As we recall such Baltimore icons, let us also praise famous writers—like Anne Tyler. A Minnesotan by birth, and a Baltimorean since the 1960s, she has written a total of 23 novels. These include “The Accidental Tourist” (which was made into a 1988 movie starring William Hurt and Geena Davis), and “Breathing Lessons” which won a Pulitzer Prize, also in 1988. And now she has written “French Braid.”
What’s the new book about? Well, like “Seinfeld,” it’s about everything and nothing. The protagonists, the Garretts, are a middle-class nuclear family from the Baltimore area. In the late 1950s, Dad runs a hardware store, Mom takes up painting. The two daughters are teens who are as different as night and day. The little brother plays with toy figurines which he calls “veterinarians.”

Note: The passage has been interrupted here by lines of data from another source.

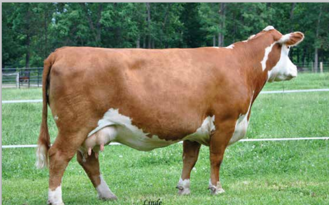
Lot 5 — Red Hilks Kerrie M33 P75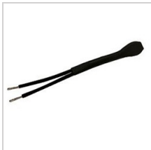
11015 Terminating Resistor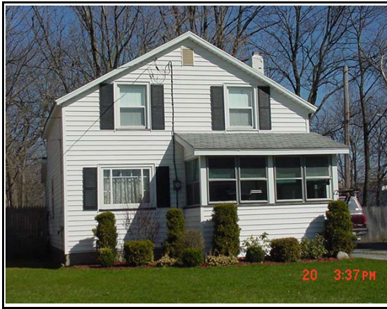
12 Hutchins Pl 180200 84.041-1-51

Neighborhood: 700 Property Class: 210 - 1 Family Res Sale Date: 5/26/2022 Sale Price: $ 17,500 Prelim 2024 Land Asmt: $ 13,200 Prelim 2024 Asmt: $ 57,000 Building Style: Old Style Exterior Wall: Alum/vinyl Year Built: 1900 Basement Type: Crawl Grade: Average Condition: Normal SFLA: 957 Sale Price/SFLA: $ 18.29 Number Bedrooms: 2 Number Baths: 1.0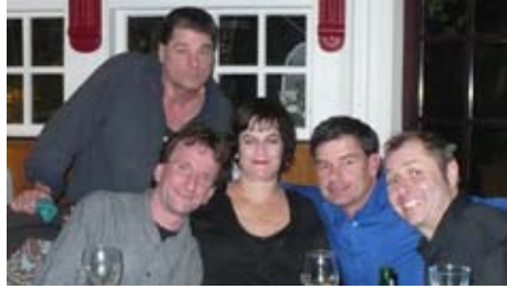
Shanghai Lil - great jazz, great company, not so great tapas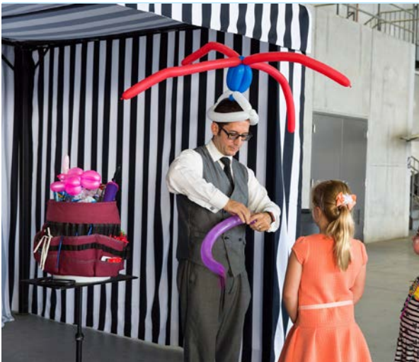
Lots to do for littles at the GI Research Foundation Donor Appreciation Picnic

To become involved with the GI Research Foundation Associates Board, please email girf@uchicago.edu .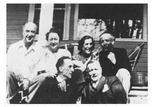
84 Surrealists ther Tanguy at Woodbury, Connecticut, in 1947

Sage and Tanguy settled in rural Woodbury, Connecticut, in 1940 and set up separate studiosin a harm on their property. In 1954 they agreed to a joint exhibition of their worl cat the Wadsworth Atheneum in Hartford, but Sage worried about having her paintings compared with Tanguy 's. In fact, both critics and the pu bic could immediately see not only the few similarities but also themany differences in their worls.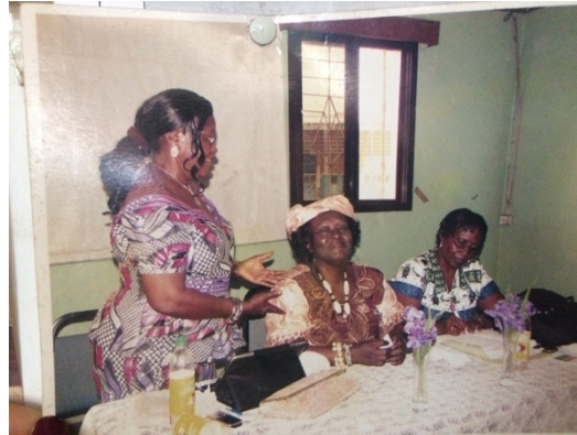
Photograph 9: One of the early Women's Forum monthly meetings at the YWCA.

“Women everywhere for equality, development, and peace”; today it has changed to “solidarity for empowerment equality and development” (archival data). Once these pieces were put together, the WF then registered at the Ministry of Social Welfare 43 in 1995 as a non-government organization (NGO).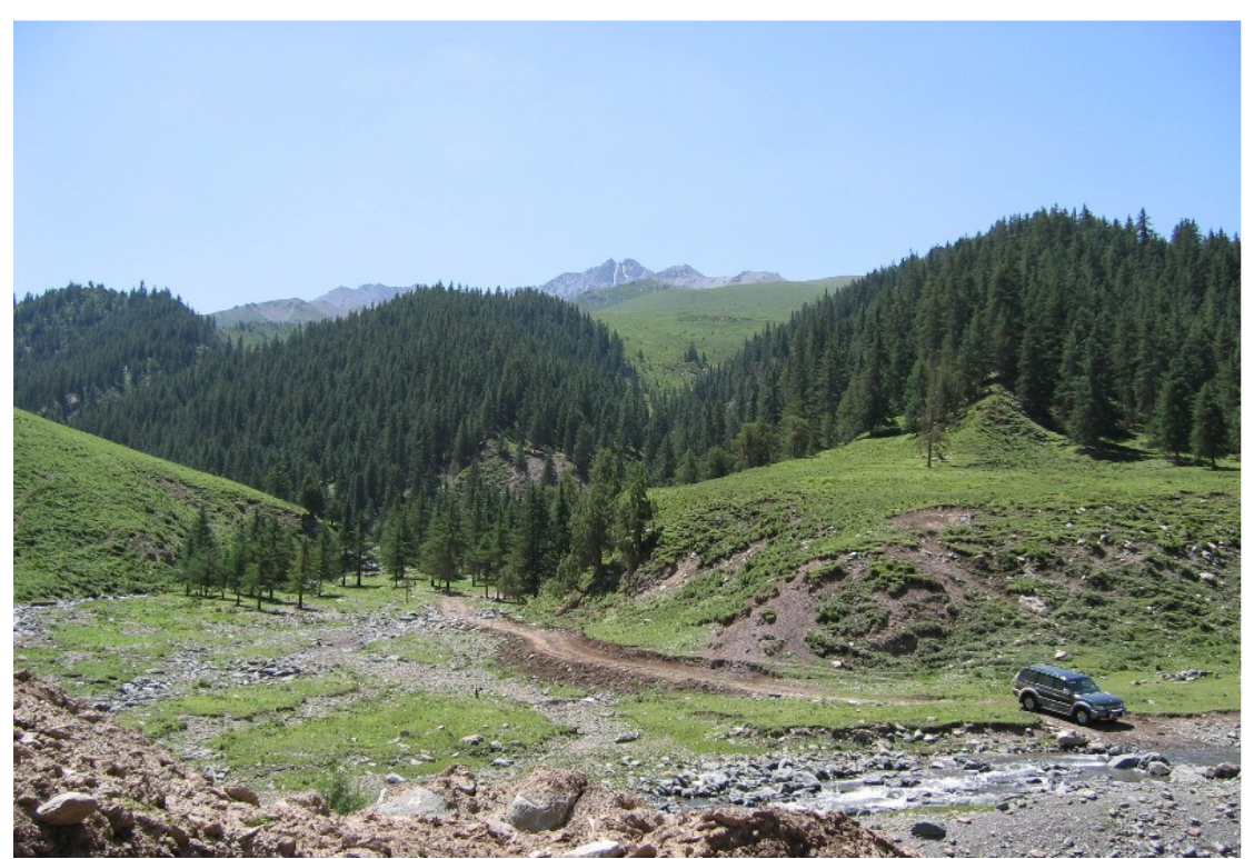
The Dunhuang Nature Reserve and Western Qilian Shan Mountains IBA (CN159) is important for both birds and large mammals.

IMPORTANCE TO OTHER FAUNA AND FLORA: Many protected mammals are found in this nature reserve, such as Snow Leopard, Lynx, Mongolian Wild Ass, Tibetan Wild Ass, Wild Camel etc.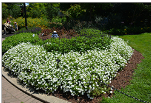
Supertunia Vista Snowdrift Petunia in bloom

Supertunia Vista Snowdrift Petunia is a fine choice for the garden, but it is also a good selection for planting in outdoor containers and hanging baskets. Because of its trailing habit of growth, it is ideally suited for use as a 'spiller' in the 'spiller-thriller-filler' container combination; plant it near the edges where it can spill gracefully over the pot. It is even sizeable enough that it can be grown alone in a suitable container. Note that when growing plants in outdoor containers and baskets, they may require more frequent waterings than they would in the yard or garden.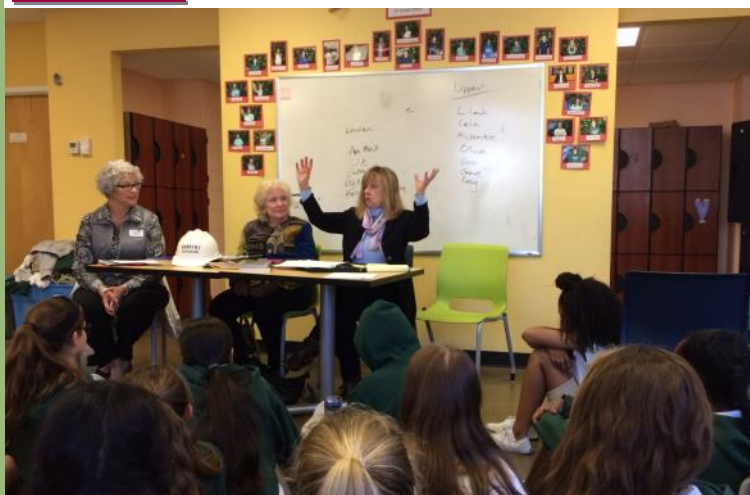
AAUW Members shared experiences March 2 with Hangar Hall students on Women in the 21st Century Day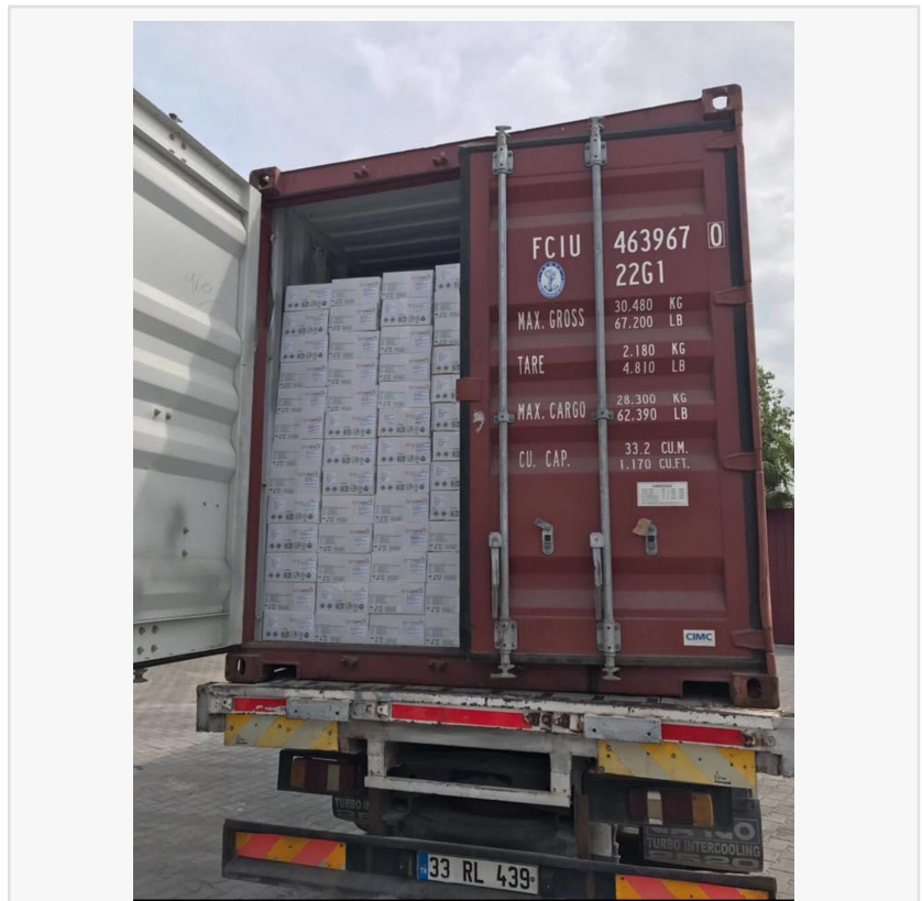
Dried Apricots Shipments

Sustainability has become a focal point in dried apricot production, with many suppliers implementing eco-friendly initiatives. Water conservation techniques, responsible land management, and reduced pesticide usage are some of the measures being adopted to protect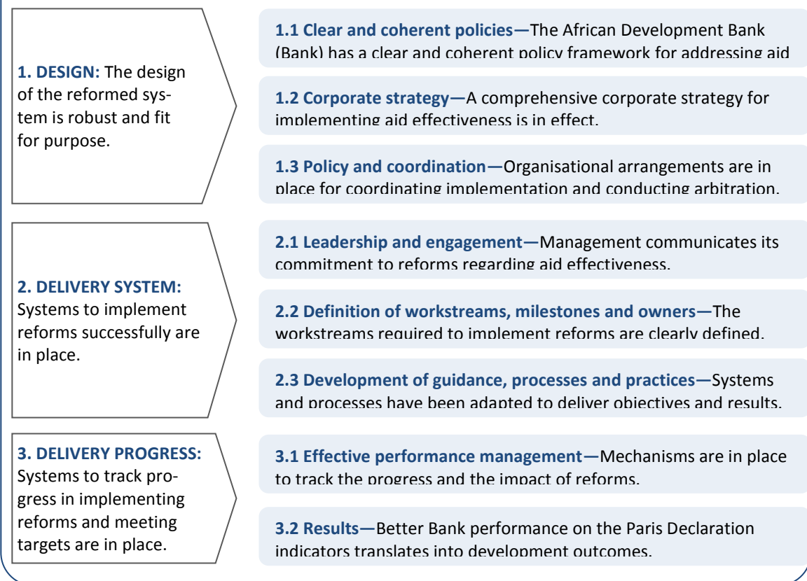
Figure 2: The Conceptual Framework Underpinning the Roadmap’s Approach to Reform 7

The story follows the younger family members as they suffer the pangs of adolescent love, go off to college, and have children of their own. Dad and Mom grow old and quietly grow apart, as Mom discovers “there’s a time for family life and then there’s a time for a something else life.” She moves into a studio of her own to paint. Dad, who is as old-school as they come, is dumbfounded.
While the family members occasionally reunite for important occasions, they really don’t like one another. But as an in-law points out, they are like a “French braid,” a hairstyle worn by little girls—tightly braided strands of hair that when loosened are still full of knots and tangles. As a family member then observes, “Well, that’s how families work, too. You think you’re free of them, but you’re never really free; the ripples are crimped in forever.”
This is a wonderful book that’s blessedly free of murders, clichés, and snark. And while it’s not Tyler’s most exciting novel, who cares? Tyler has been praised for her elevation of everyday life into art by no less than John Updike and Joyce Carol Oates, as well as her fastidious character development. “I do make a point of writing down every imaginable facet of my characters before I begin a book, trying to get to know them so I can figure out how they'll react in any situation,” she has said. “My reason for writing now is to live lives other than my own, and I do that by burrowing deeper and deeper…till I reach the center of those lives." Boom.
Those of you who love Anne Tyler like I do will devour “French Braid” faster than a bucket of crabs washed down with some Natty Bo’s. As a Baltimorean waitress might might ask you, “So whatcha waiting for, hon?”
Ms Tyler is a great writer. Thanks for the promotion!
Sounds quite interesting. Thanks, will give it a whirl!!!!